"Video 5 8 6", originally titled "Prime 5 8 6", is an electronic instrumental piece written and produced in 1982 by the British group New Order. In December 1982, the track was initially released in two sections in Touch Music's first cassette magazine, Feature Mist. Touch re-released the entire track as a CD single in 1997.

Composed primarily by Bernard Sumner and Stephen Morris, "Prime 5 8 6"/"Video 5 8 6" was an early version of "5 8 6" (from Power, Corruption & Lies), which contained rhythm elements that would later surface on "Ultraviolence" and the 1983 hit "Blue Monday". After Factory Records' Tony Wilson asked New Order for twenty minutes of "pap", it was first played in public during the opening of The Haçienda on 21 May 1982.

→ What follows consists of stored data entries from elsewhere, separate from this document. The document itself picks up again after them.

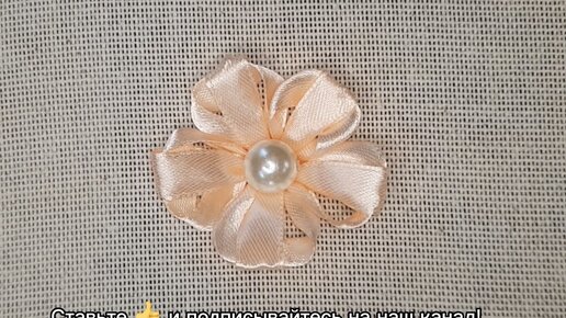 Объёмная вышивка лентами. Нежный цветок из атласной ленты
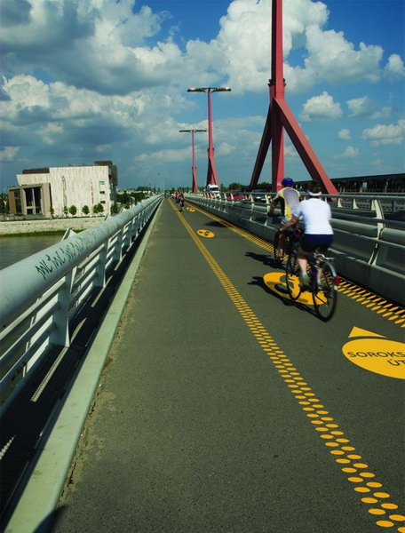A festékkel pedig nem szabad spórolni, ha arról van szó, hogy azzal felhívhatjuk a figyelmet a kerékpárutakra, ezzel baleseteket előzve meg.(ott vannak példának a koppenhágai telikék berékpárutak)
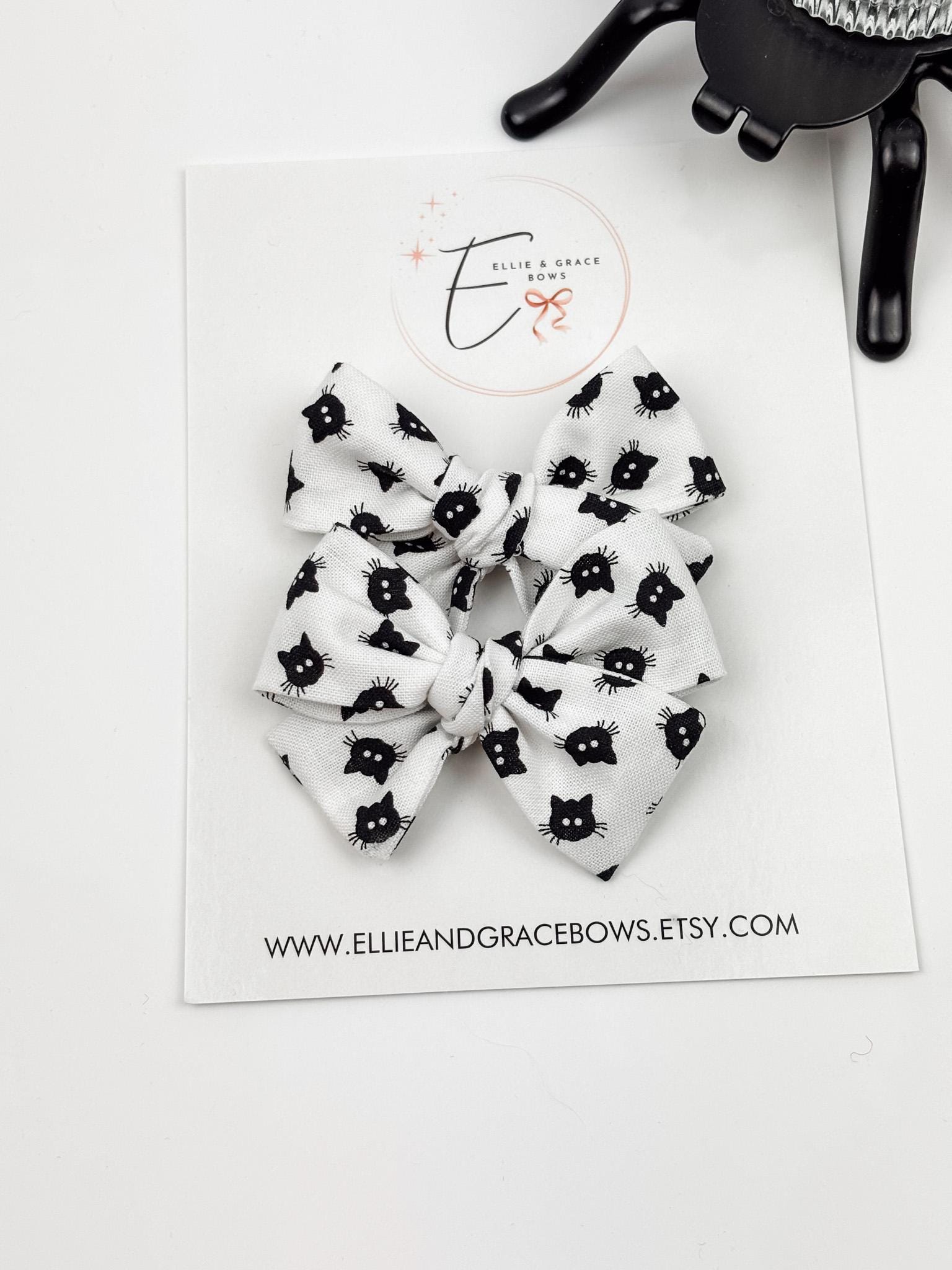 Add a spooky-cute touch to your little one’s Halloween style with this **cotton fabric pigtail bow set**! Each bow measures approximately **2.75 inches** and features an adorable black cat print — the perfect accessory for festive fall outfits.
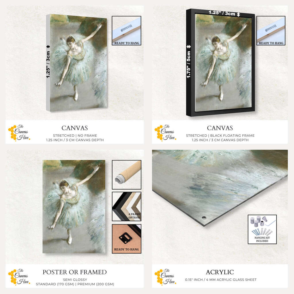 High-quality canvas material that has been tightly stretched and secured over a wooden frame. Comes with a pre-installed sawtooth hanger or hanging wire for easy hanging. The frame is made from high quality, low-flex pinewood.
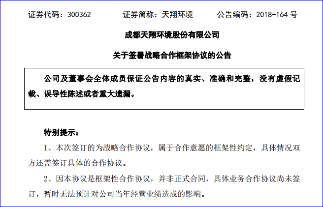 2018年12月24日,天翔環(huán)境公告稱,公司與四川能投水務(wù)投資有限公司在12月21日已經(jīng)正式簽訂了《戰(zhàn)略合作框架協(xié)議》。此次戰(zhàn)略合作協(xié)議的簽訂,意味著陷入債務(wù)泥淖的天翔環(huán)境,再次迎來又一家地方國資的的“馳援”。 根據(jù)協(xié)議內(nèi)容,雙方擬在本協(xié)議正式簽署后組建專業(yè)團(tuán)隊(duì),對(duì)所涉及合作...
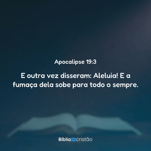 E outra vez disseram: Aleluia. E a fumaça dela sobe pelos séculos dos séculos.
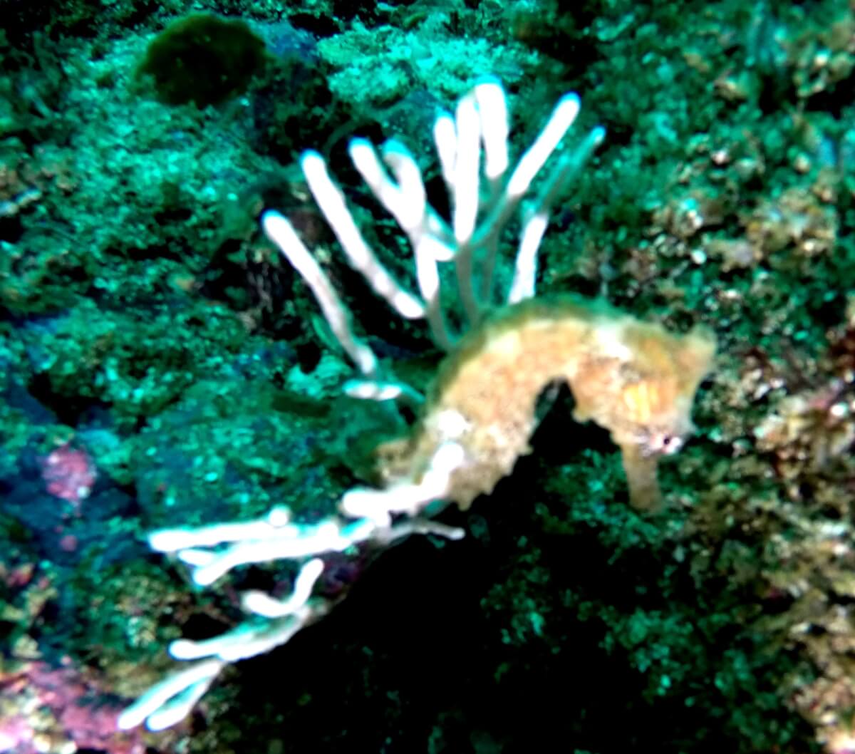 Noch immer Rotalgen! Seepferdchen, Igelfische, Fischschwarm. Sicht etwas besser!

On release it reached #86 on the main British singles chart and #19 on the British indie chart. Bassist Peter Hook has said the key to the title "5 8 6" can be found in another of the group's songs, "Ecstasy"; 5, 8 then 6 is the song's bar structure.

A video was released for the song called Primitive 586 on the FACT 56, IKON 3 VHS and BETA tape 'A Factory Video', the footage is mostly primitive 80s computer graphics.

Track listing

Chart positions

References

New Order (band) songs
1997 singles
1982 songs
Songs written by Bernard Sumner
Songs written by Stephen Morris (musician)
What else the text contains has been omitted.